Portée et conséquences de la cassation
10. La cassation du chef de dispositif condamnant M. [U] [Y] à rapporter à « la succession » les sommes de 32 703,95 euros et 27 733,83 euros correspondant à des donations déguisées, n'emporte pas celle des chefs de dispositif de l'arrêt ordonnant l'emploi des dépens en frais privilégiés de partage et rejetant les demandes formées au titre de l'article 700 du code de procédure civile, justifiés par d'autres dispositions de l'arrêt non remises en cause.
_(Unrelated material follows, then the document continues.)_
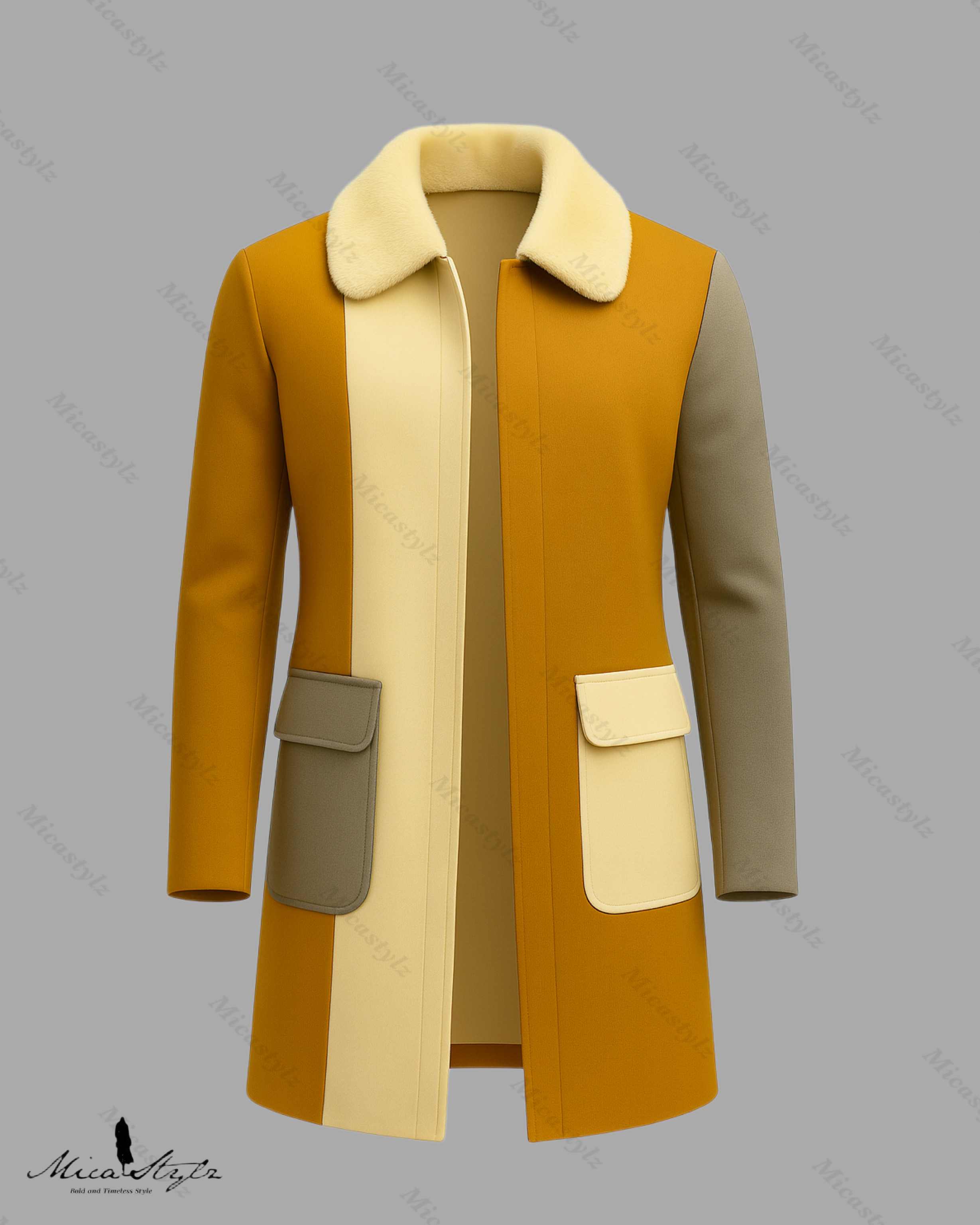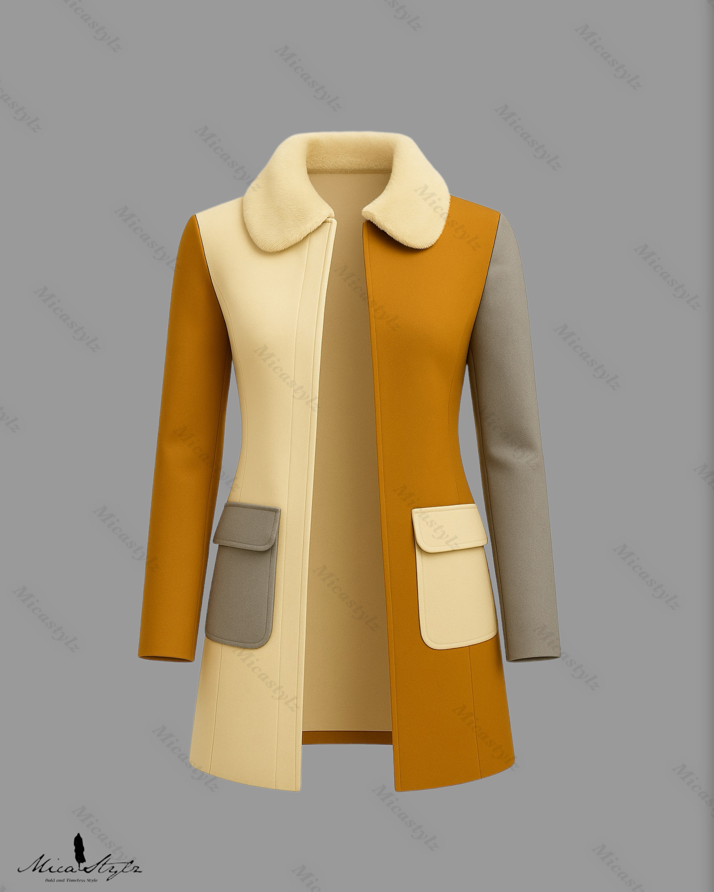 Medium-length tailored coat featuring a graphic quad-color design (ochre, cream, grey). Features a plush faux-fur collar and flap patch pockets, inspired by 1960s Mod aesthetics.

PAR CES MOTIFS, et sans qu'il y ait lieu de statuer sur les autres griefs, la Cour :
CASSE ET ANNULE, mais seulement en ce qu'il condamne M. [U] [Y] à rapporter à « la succession » les sommes de 32 703,95 euros et 27 733,83 euros correspondant à des donations déguisées, l'arrêt rendu le 8 mars 2022, entre les parties, par la cour d'appel de Riom ;
Remet, sur ce point, l'affaire et les parties dans l'état où elles se trouvaient avant cet arrêt et les renvoie devant la cour d'appel de Riom, autrement composée ;
Condamne Mme [V] aux dépens ;
En application de l'article 700 du code de procédure civile, rejette les demandes ;
Dit que sur les diligences du procureur général près la Cour de cassation, le présent arrêt sera transmis pour être transcrit en marge ou à la suite de l'arrêt partiellement cassé ;
Ainsi fait et jugé par la Cour de cassation, première chambre civile, et prononcé par le président en son audience publique du onze septembre deux mille vingt-quatre.